Ina very valuable piece for National Affairs, William Schambra argues that Barack Obama is the epitome of a policy-oriented progressive; in fact, he is the first "genuine, life-long true believer" in that philosophy ever to occupy the Oval Office. The Progressive "policy approach" presumes that social science can tell us how to fix social problems. Problems are interconnected, hence they require comprehensive reforms rather than programs in separate silos. Standing in the way of the appropriate reforms are local prejudices and interests and "politics"--meaning horse-trading among popular leaders with interests and biases. The perfect manifestation of the Progressive policy approach is the appointment of a policy "czar," an expert, to resolve a broad and interconnected problem. The opposite is a compromise among ill-tutored Congressmen, or a loud objection from some morally outraged cultural group.

Schambra writes:

I endorse much of Schambra's critique of policy-oriented Progressivism. He believes it is an unrealistic doctrine and also undesirable because the clash of interests that it tries to replace with "science" actually reflects cultural vitality. This seems right to me:

I agree with that but am not sure that I share Schambra's reading of Barack Obama. Based on the president's writing and speaking, I think Obama understands the intractability and merit of moral commitments and disagreements. He sees personal behavior and community norms as essential components of social issues--and is often criticized from the left for that. He takes an "asset-based" approach to communities and is an excellent listener. His move away from discrete programs can be seen as arrogant (that's Schambra's view), but it can also be interpreted as a critique of the technocratic idea that problems can be disaggregated; Obama's is a more "holistic" approach. The modesty of the health care reform bill (for it is very modest) speaks to a recognition that you have to mend the ship of state while at sea. An arrogant--or more confident--Progressive would favor single-payer.

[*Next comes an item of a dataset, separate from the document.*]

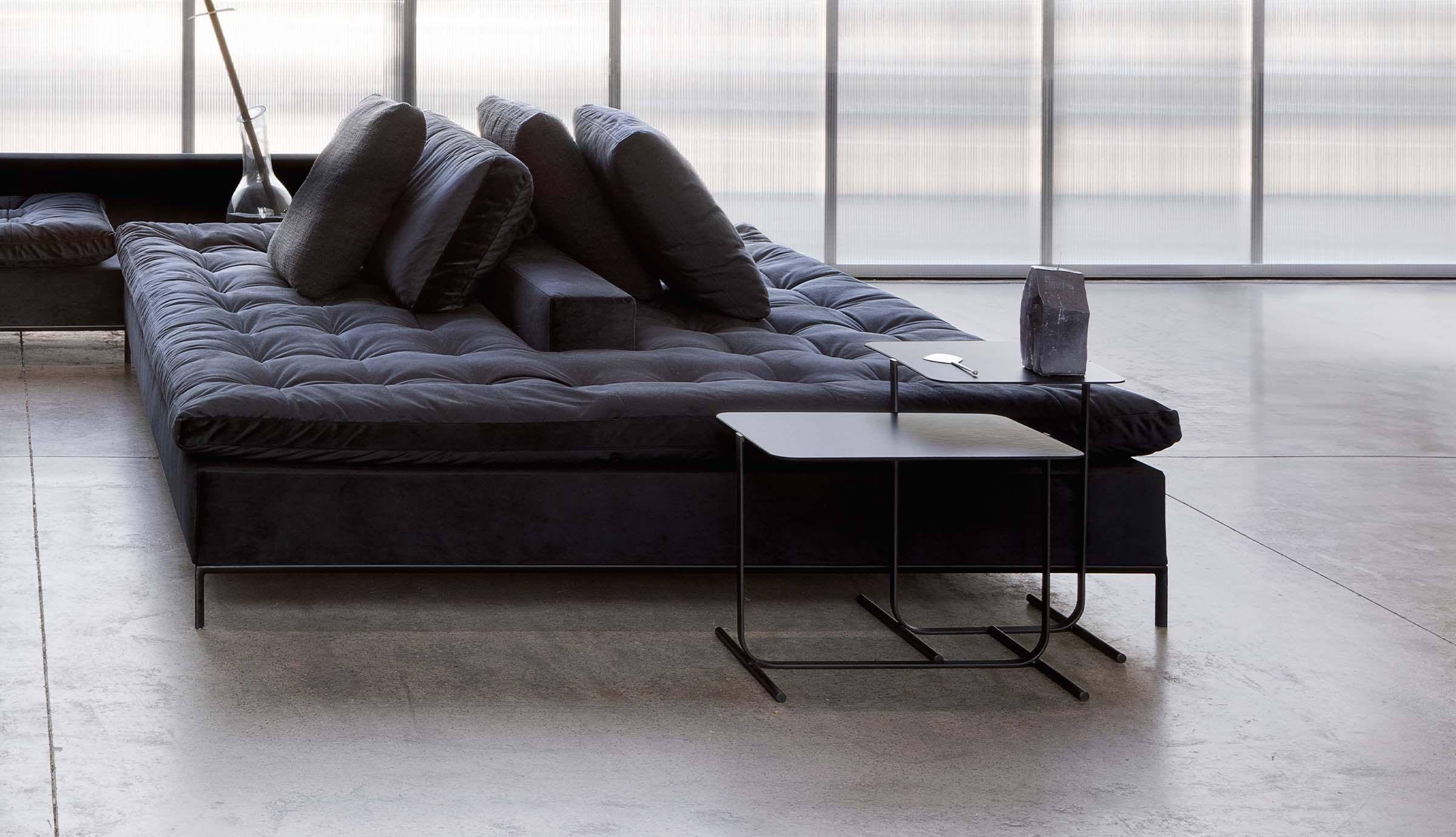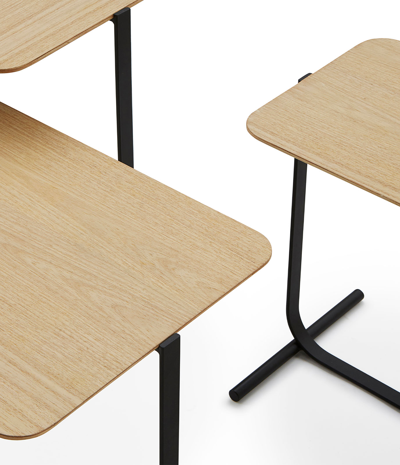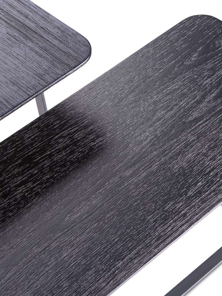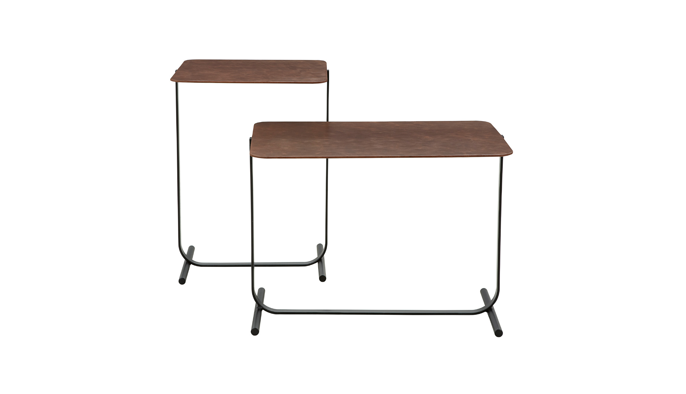 Através da união sutil entre os pés tubulares em aço e a barra curva que os tangencia, cria-se um suporte contínuo e leve para o tampo.

Finally, Obama has been criticized by the left for allowing Congress to horse-trade on essential issues like the stimulus package and health care, rather than presenting a detailed proposal from the administration. In that sense, it seems to me Obama has broken with technocratic Progressivism rather than epitomize it.

But in the end, I think the struggle over how to apply science to policy--and how to deal with moral resistance and disagreement--runs through the Democratic Party, the Obama Administration, and the president himself. Schambra has nicely identified one side of that argument, even as he underestimates the importance of the other side.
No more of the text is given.